Lee Andy H, Wang Kui, Scott Jane A, Yau Kelvin K W, McLachlan Geoffrey J
Department of Epidemiology and Biostatistics, School of Public Health, Curtin University of Technology, Perth, WA, Australia.
Stat Methods Med Res. 2006 Feb;15(1):47-61. doi: 10.1191/0962280206sm429oa.

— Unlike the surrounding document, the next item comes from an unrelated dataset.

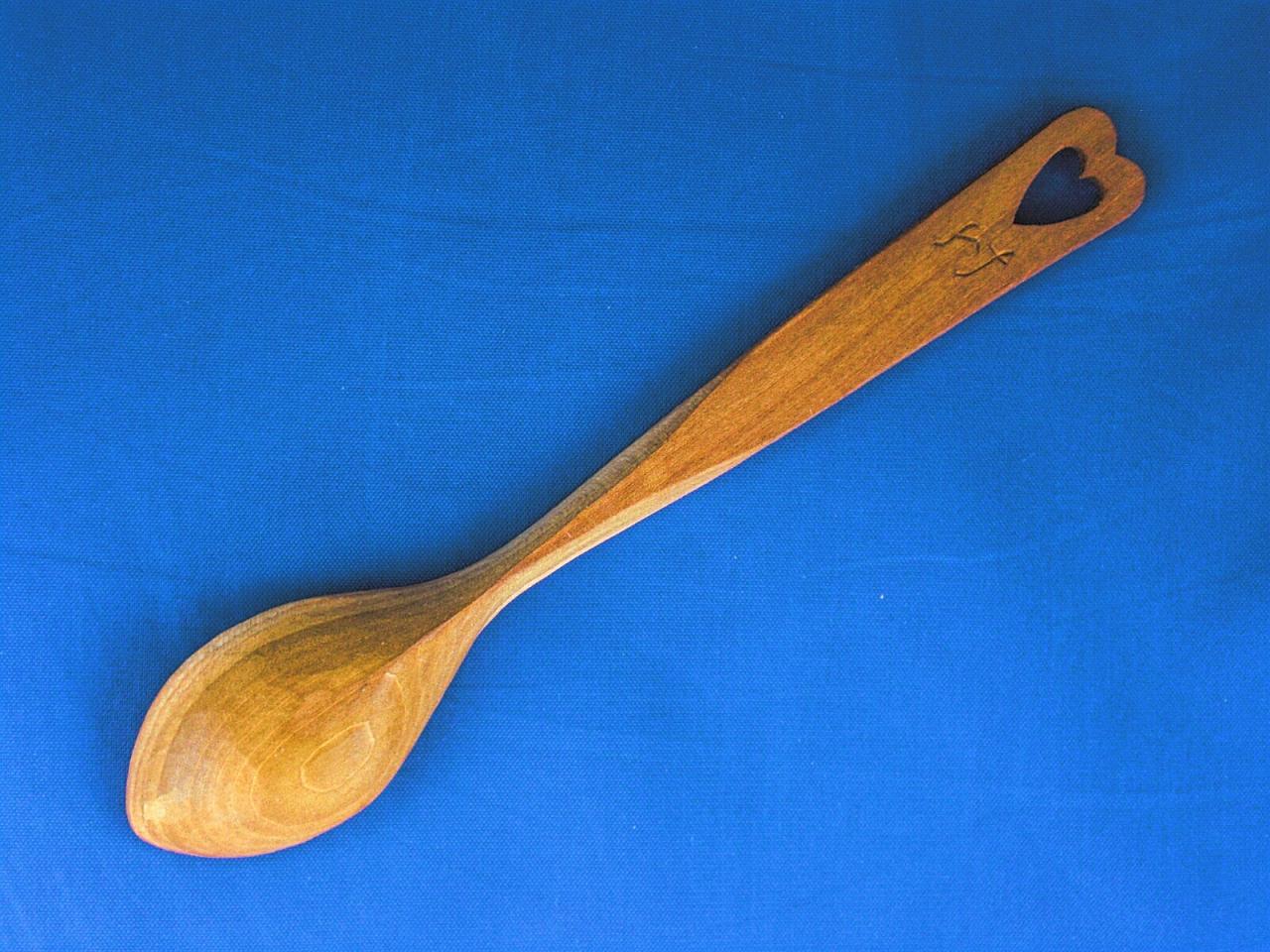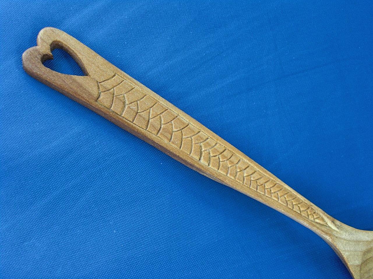 This is a simple lovespoon very much in the tradition of the earliest Welsh examples. Their simplicity of design, however, did not detract from the hopes and dreams of the rural Welsh swains that carved them. This spoon is 8" long, carved from poplar and finished with food-grade walnut oil for a durable finish. This spoon can be used on a daily basis for anything from stirring your tea to eating ice cream. With such use it will develop a lovely patina that will only enhance its beauty.

Count data with excess zeros relative to a Poisson distribution are common in many biomedical applications. A popular approach to the analysis of such data is to use a zero-inflated Poisson (ZIP) regression model. Often, because of the hierarchical study design or the data collection procedure, zero-inflation and lack of independence may occur simultaneously, which render the standard ZIP model inadequate. To account for the preponderance of zero counts and the inherent correlation of observations, a class of multi-level ZIP regression model with random effects is presented. Model fitting is facilitated using an expectation-maximization algorithm, whereas variance components are estimated via residual maximum likelihood estimating equations. A score test for zero-inflation is also presented. The multi-level ZIP model is then generalized to cope with a more complex correlation structure. Application to the analysis of correlated count data from a longitudinal infant feeding study illustrates the usefulness of the approach.
相对于泊松分布而言,具有过多零值的计数数据在许多生物医学应用中很常见。分析此类数据的一种常用方法是使用零膨胀泊松(ZIP)回归模型。通常,由于分层研究设计或数据收集程序,零膨胀和缺乏独立性可能同时出现,这使得标准的ZIP模型不够充分。为了考虑零计数的优势和观测值的内在相关性,提出了一类具有随机效应的多级ZIP回归模型。使用期望最大化算法有助于模型拟合,而方差分量则通过残差最大似然估计方程进行估计。还提出了零膨胀的得分检验。然后将多级ZIP模型进行推广,以应对更复杂的相关结构。将该方法应用于纵向婴儿喂养研究的相关计数数据分析,说明了该方法的实用性。